Historic district in Massachusetts, United States

The Plainfield Center Historic District encompasses the historic rural village center of Plainfield, Massachusetts. The district is centered on a stretch of Main Street (Massachusetts Route 116), between Church Lane and Central Street, and includes the town's oldest surviving houses, and its congregational church, set on the site of its first colonial-era meeting house, as well as the town hall (1847) and library (1925). The district was listed on the National Register of Historic Places in 2015.

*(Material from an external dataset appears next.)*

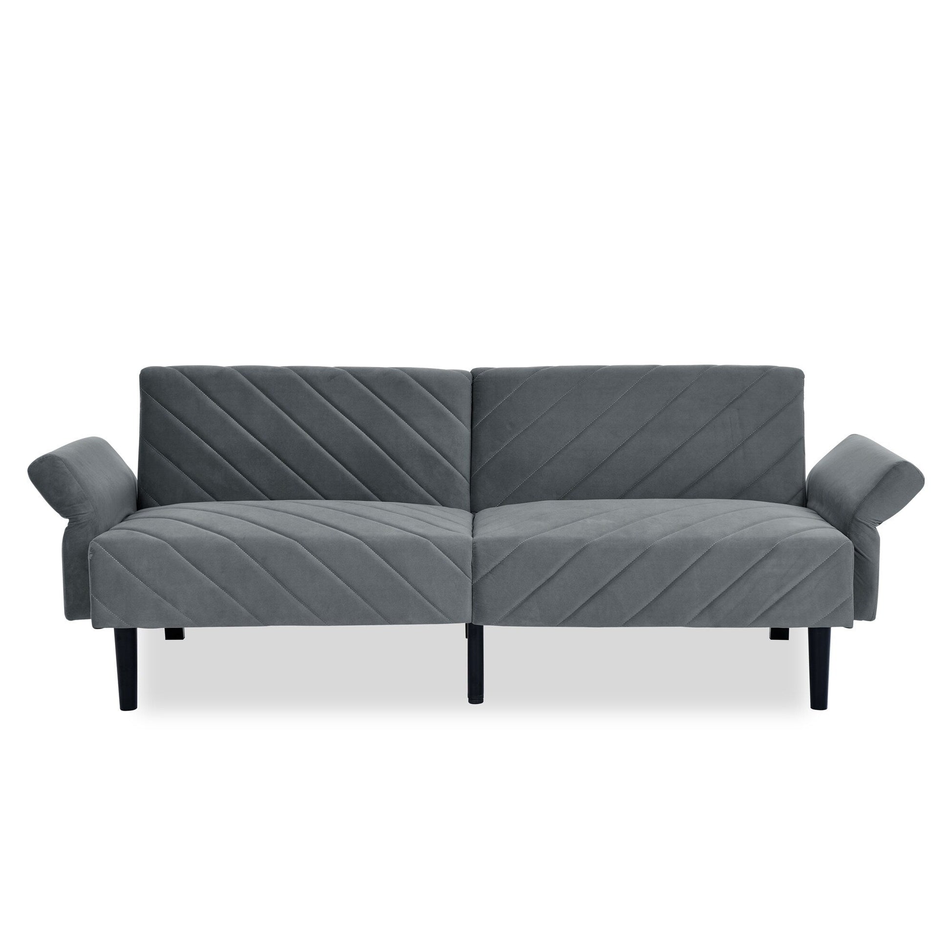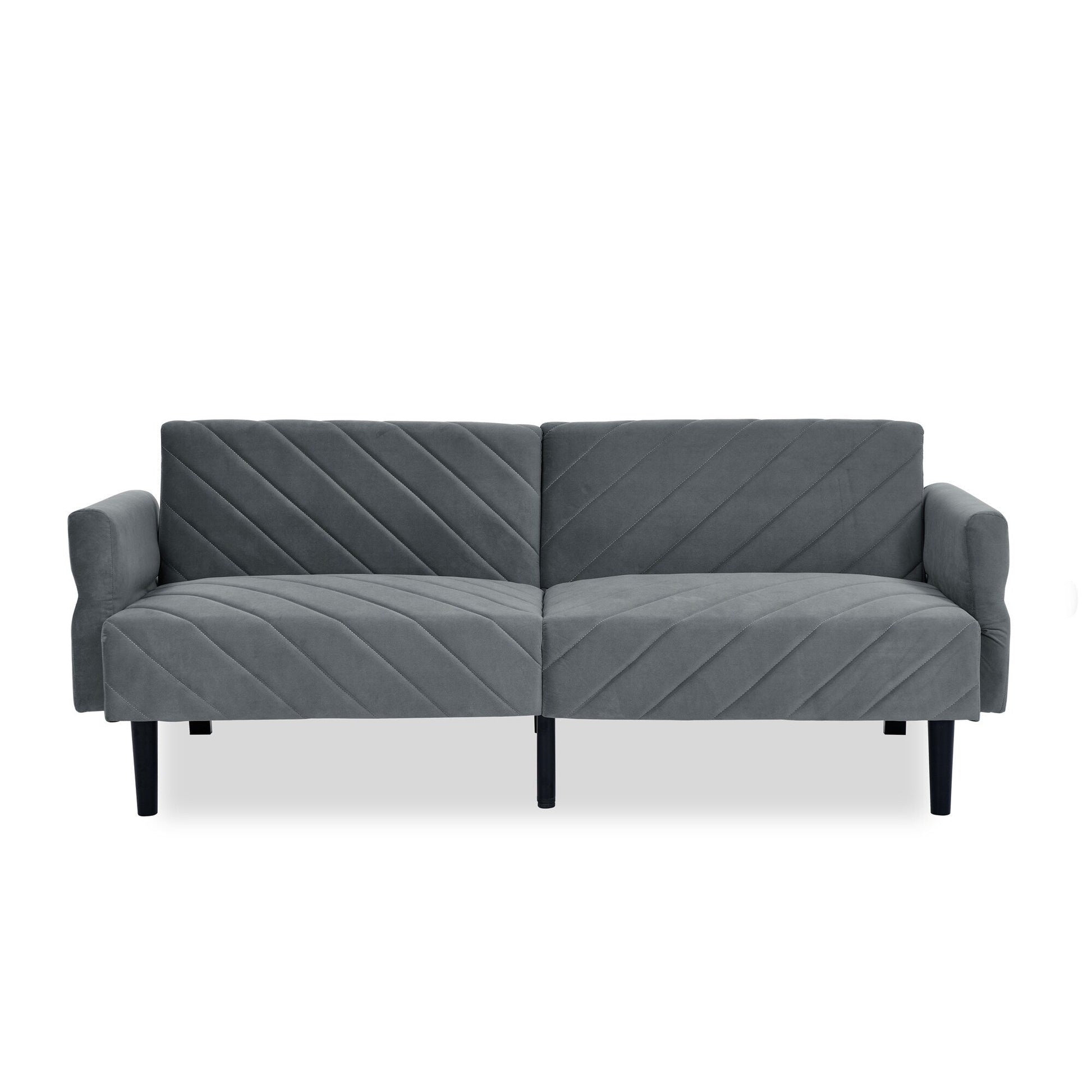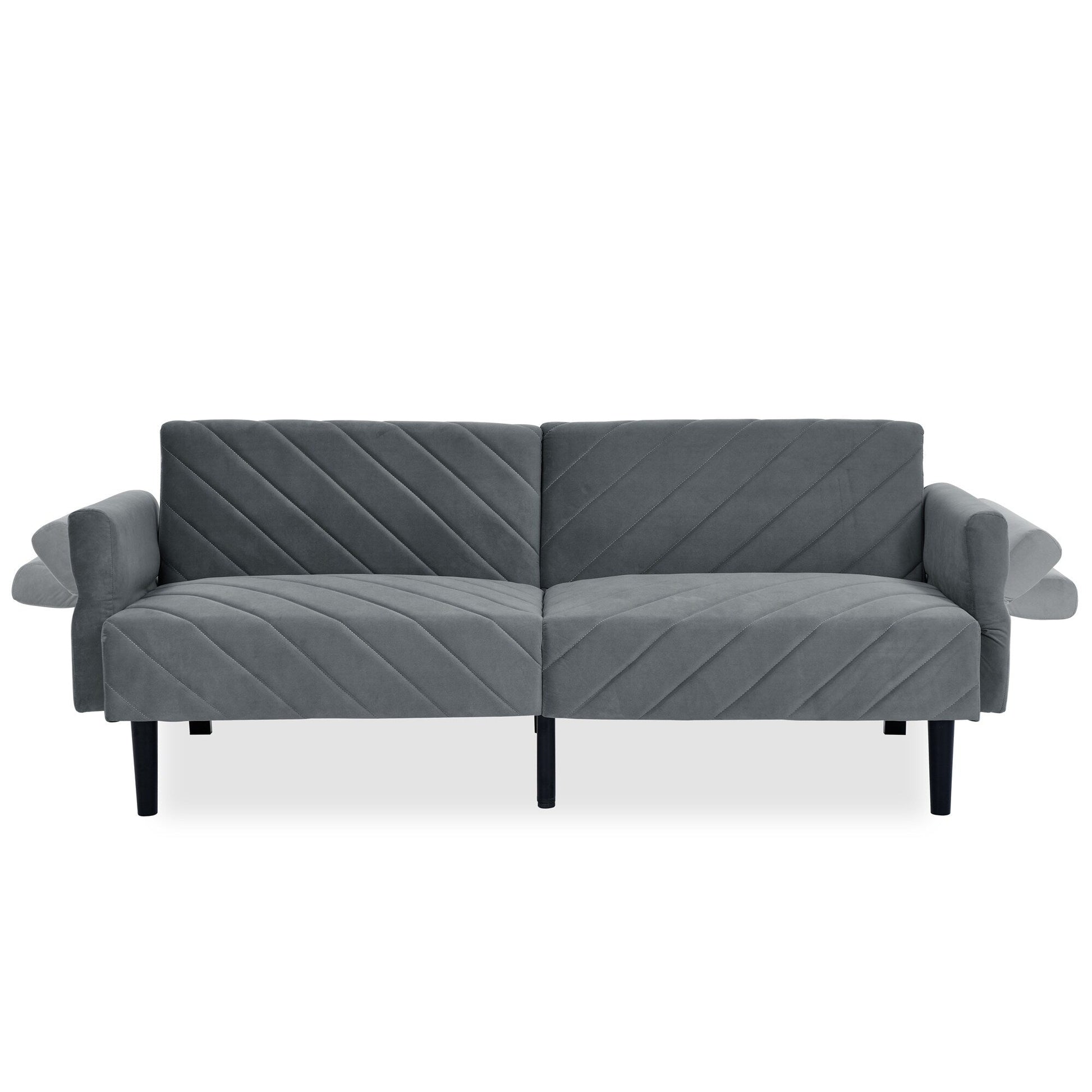 Elevate your living space with this timeless and versatile velvet futon sofa bed. Combining modern lines with mid-century modern details, such as chevron tufting and tapered plastic legs, this piece adds style to any decor. The velvet upholstery not only looks elegant but also adds extra comfort and durability, allowing you to enjoy its softness and warmth. The multi-angle adjustable armrests and backrests provide customized comfort, with the backrest adjustable in 6 positions (90° to 180° reclining), making it perfect for reading, entertainment, or sleeping. Simply pull to switch it between a sofa, bed, and recliner. Built for long-term use, the frame is made of iron and solid wood, ensuring a stable structure, while the high-density foam provides firm and comfortable support that will not deform. The adjustable armrests offer more sleeping space, allowing you to stretch comfortably on the sofa bed instead of curling up. The sleeper area measures 87' x 39.5' x 17.5', providing ample space for relaxation.

==Description and history==
The area that is now Plainfield was first settled in 1769, and was incorporated out of Cummington in 1785. The town center arose on one of the town's larger areas of flattish terrain, there being steep rises and falls to the east and west. Always rural and agricultural, the town in its early years had a few grist and sawmills, built mainly to serve local needs. The town center area benefited from the establishment of a water company in 1816, which built an aqueduct to provide water to the area in wooden pipes. Its first meeting house was built in 1792, the same year the Old Burying Ground was laid out.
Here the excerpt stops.